A Guia de Trânsito Animal registra a movimentação dos lotes, enquanto o Sistema Brasileiro de Identificação Individual de Bovinos e Búfalos permite acompanhar animais individualmente em cadeias que exigem esse controle. A adesão ao sistema individual, entretanto, ainda não alcança todo o rebanho nacional.
O governo iniciou a implantação do Plano Nacional de Identificação Individual de Bovinos e Búfalos, com execução prevista até 2032. A recomendação do estudo é que frigoríficos e compradores avancem desde já no controle dos fornecedores indiretos, sem esperar a identificação obrigatória de todos os animais.
A carne brasileira ainda enfrenta outro impasse com a União Europeia, que não deve ser confundido com o EUDR. Além da origem ambiental, o bloco exige garantias sobre o controle de determinados antimicrobianos durante todo o ciclo de vida dos animais. A Comissão Europeia anunciou a retirada do Brasil da lista de países autorizados a fornecer carnes e outros produtos de origem animal a partir de 3 de setembro de 2026, caso não considere suficientes as garantias apresentadas.

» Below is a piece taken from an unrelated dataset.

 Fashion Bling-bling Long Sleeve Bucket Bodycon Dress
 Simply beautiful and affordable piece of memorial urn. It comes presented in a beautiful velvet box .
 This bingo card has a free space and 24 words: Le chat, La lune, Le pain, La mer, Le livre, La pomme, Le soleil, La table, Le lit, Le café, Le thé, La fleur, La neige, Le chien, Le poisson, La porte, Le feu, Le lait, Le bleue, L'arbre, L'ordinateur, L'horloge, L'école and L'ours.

O governo brasileiro sustenta que possui um sistema oficial confiável e que somente certificará produtos que cumprirem integralmente as exigências europeias. O ponto de divergência é a cobrança de uma comprovação prévia para medidas implementadas progressivamente ao longo do ciclo produtivo. Na avicultura, esse ciclo pode ser concluído em cerca de 40 dias; na bovinocultura, a formação de animais plenamente elegíveis pode levar dois anos ou mais.

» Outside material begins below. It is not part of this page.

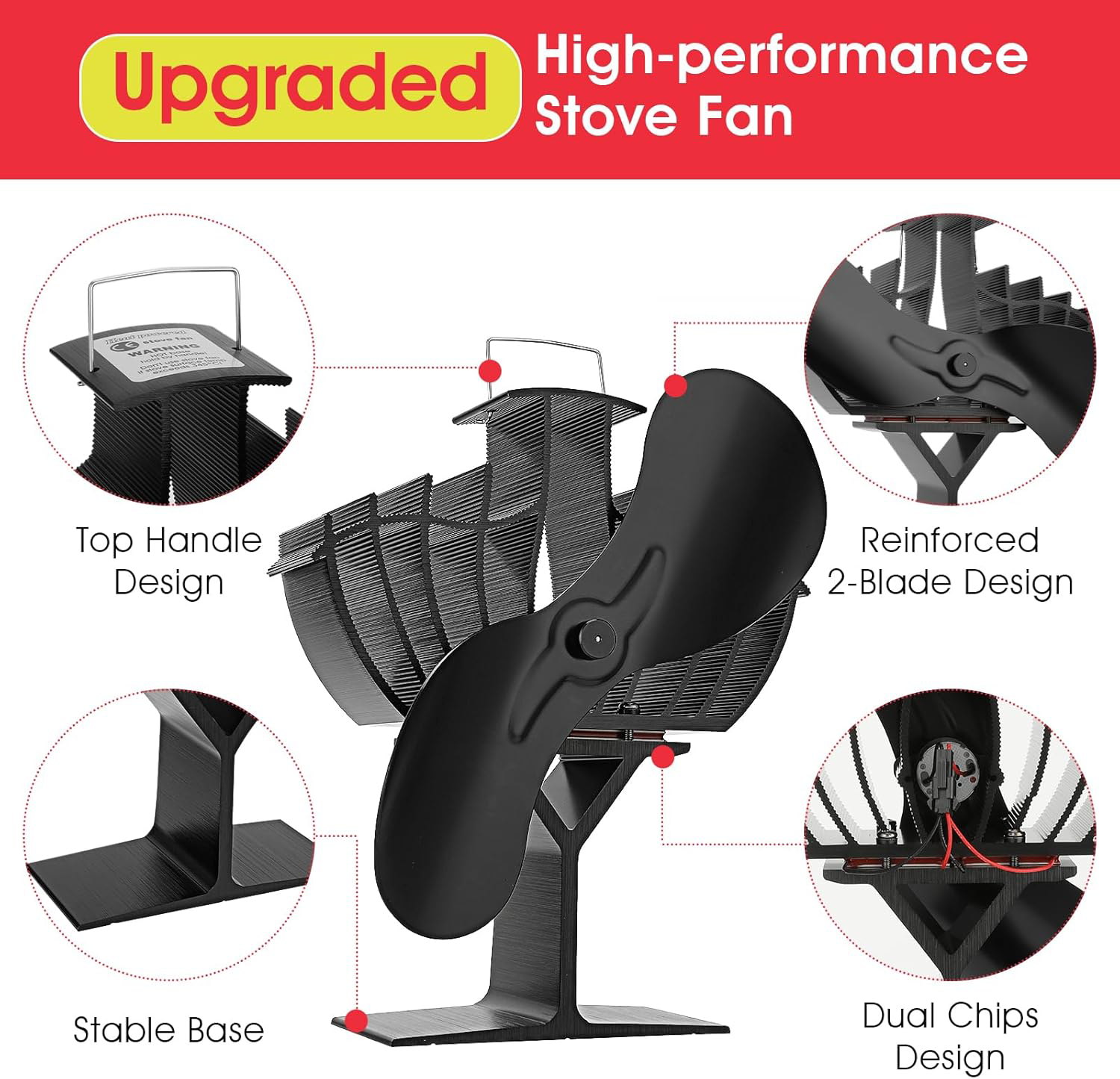 Upgraded Large Airflow: The newly upgraded fireplace fan is made of premium aluminum components and adopts a dual-chip design, which provides a longer, more stable and durable motor. It can reach an airflow of 250 CFM Premium Quality: Our wood stove fan is made of high-quality anodized aluminum, which is rust-proof and has excellent thermal conductivity. The dual-chip design makes the motor more durable and efficient. It is larger in size and heavier than other ordinary fans on the market, making it more sturdy and durable, Our stove fan can increase the speed of room heating by 45% Upgraded 2-blade Design: The Large size 2-blade design reduces the resistance of the motor, further improves the performance and prolongs the life of the motor, and it's heavier, sturdier, and more efficient than a normal 4-blade fan Less consumption and Economical: No batteries or electricity needed, our Wood Stove Fan is powered by heat generated from the stove. When the stove temperature reaches a certain range, the fan will start rotating automatically. Through the rapid rotation of the fan, the warm air will circulate quickly in the room, making you feel warmer. It can help you save you up to 18% in fuel with more efficient distribution of heat from your wood stove Ultra-Quiet Motor Operating: As the blades are the only moving components, even at the highest speed, the operational noise of the log burner fan is lower than 25 db. You may not even feel the presence of the furnace fan, but you will still sense a gentle breeze. The rotation of the fan facilitates air circulation, circulating heat to all around and making you feel warmer On Dec 30, 2025 at 21:55:14 PST, seller added the following information: On Jan 11, 2026 at 22:25:05 PST, seller added the following information:

Assim, a carne brasileira enfrenta duas frentes distintas na Europa: a ambiental, relacionada ao desmatamento e à rastreabilidade da propriedade de origem; e a sanitária, ligada ao uso de antimicrobianos durante a vida do animal. A unificação dos sistemas proposta pelo WRI ajudaria principalmente na primeira frente. Para o produtor, o resultado dependerá de como essa integração será implementada, de quem pagará pela adaptação e de sua capacidade de reduzir burocracia, em vez de acrescentar uma nova camada de exigências ao campo.